В «Смерти господина Лазареску» это иррациональное – человеческое умирание, которое медицинская наука пытается постичь, осмыслить и разложить по полочкам, но в результате своих усилий терпит фиаско. Автор этих строк не склонен полагать, что эта лента Пую, как, к примеру, «Аритмия» Хлебникова, несет в себе разоблачительный антибюрократический пафос, показывая работу медиков в экстремальных условиях. Сам гротеск ситуации, когда пациента при смерти возят по больницам (а это кстати лишь полтора часа экранного времени при продолжительности фильма в два с половиной часа), использован постановщиком с нарочитыми библейскими коннотациями – перед нами именно мытарства души после смерти (многие критики писали о значимости имен в фильме: имя Лазареску «Данте», фамилия медсестры, которая его возит, «Абрам», доктор, который будет его оперировать «Ангел», потому не будем углубляться в то, что и так изучено).

Пую создает своего рода кинороман, который ощутимо делится на части – до путешествий по больницам и после. Первая часть менее кинематографична и увлекательна, чем вторая, она нужна, чтобы подчеркнуть одиночество старого человека почти в беккетовско-метафорическом духе: герой бродит по квартире в ожидании «скорой», будто душа бьется в теле, мечтая из него выйти. В своей квартире он – не хозяин, здесь живут еще и кошки, потому дом с его мебелью и обстановкой позднего социализма – в таком запустении. Лазареску болеет, его тело запущено, как и его жилище, в нем нет порядка, оно разлагается, умирает. Евгений Майзель в своей давней статье для «Искусства кино» написал применительно к этому фильму удивительно точное словосочетание: «повседневность небытия».

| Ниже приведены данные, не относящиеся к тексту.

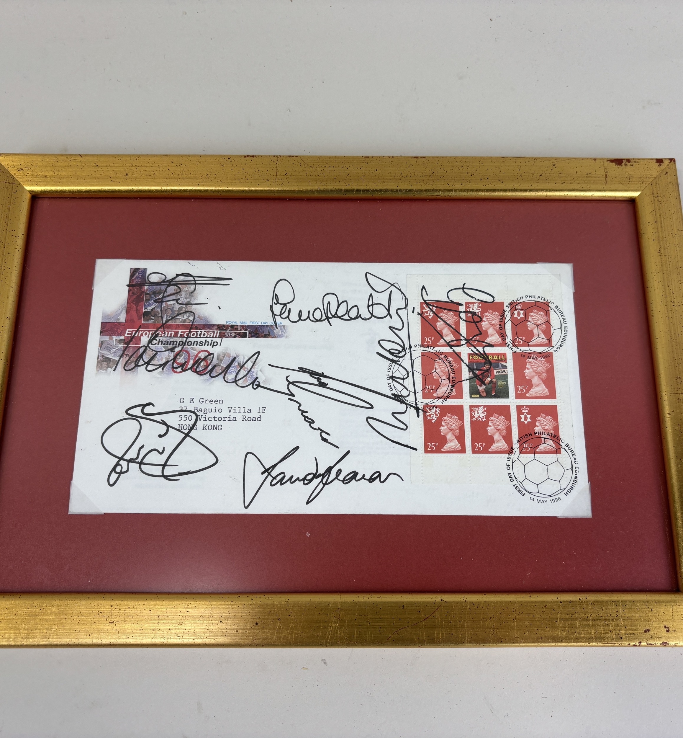 A ENVELOPE SIGNED BY PLAYERS FROM THE ENGLAND '96 SQUAD TO INCLUDE PAUL GASCOIGNE, PAUL INCE AND ALAN SHEARER

Разрушительная работа смерти показана Пую во всей ее беспощадной антигероической будничности, как вирус, болезнь, уничтожающая тело и душу (важно, что Лазареску постепенно теряет способность к осмысленной коммуникации). Можно сказать, что Пую показывает, как иррациональность смерти постепенно вползает в видимо рационализированный мир и разрушает его изнутри. Потому так важны в фильме эпизоды с участием медработников, олицетворяющих собой науку, разум, который все объяснит, диагностирует, вылечит, и все будет хорошо. Бесчеловечность, усталость, «черный» юмор показанных в фильме медиков, опутанных еще к тому же бюрократическими проволочками и бумажной работой (а что такое бюрократия – если не стремление к сверхупорядочиванию, как писал Макс Вебер?), вовсе не обличаются Пую.

Более того в большинстве своем его персонажи-медики делают все возможное, чтобы помочь Лазареску, а больницы в фильме выглядят настоящей военной передовой, где не ему одному нужна помощь. Сам режиссер писал, что его задачей было во многом демифологизировать тот образ «скорой помощи», который создавался в одноименном американском сериале с Джорджем Клуни, где все делается быстро, эффективно и без проволочек. Даже не важно, что так просто не бывает, и Пую стремился показать голую реальность, как мы видим, в «Смерти господина Лазареску» кроме символизма имен скрыта еще и сложная метафорика развоплощения, умирания, картина по большому счету показывает тщетные попытки остановить разложение телесного организма, бессилие науки (прежде всего медицины) победить смерть.

По этой причине можно смело сказать, что «Смерть господина Лазареску» – не бытовая драма о бюрократии, не социальный срез румынского общества, а сложно выстроенная история, наполненная философским и религиозным символизмом, о таком же крушении человеческих начинаний и самой человеческой цивилизации, как это было показано в «Мальмкроге». Ведь что такое наша цивилизация как не попытка рациональными средствами обуздать иррациональное в наших душах и телах и самом мире? Ведь почти любая серьезная болезнь – это агент смерти, который в любой миг может отправить человека на тот свет. А наш мир, не говоря уже о наших душах и телах, отравленных всевозможными вирусами, болен идеологиями, человеконенавистническими теориями, всевозможными социальными и политическими девиациями, с которыми мы все боремся (а порой и нет, идя у них на поводу, чем убиваем самих себя) средствами разума и науки, других средств у нас нет. Кристи Пую вовсе не утверждает своим фильмом, что не надо бороться со смертью, болезнью, злом в теле и душе, просто надо всегда понимать, что в масштабах всей цивилизации мы все равно проиграем, ибо и всем нам и нашей цивилизации рано или поздно придет конец.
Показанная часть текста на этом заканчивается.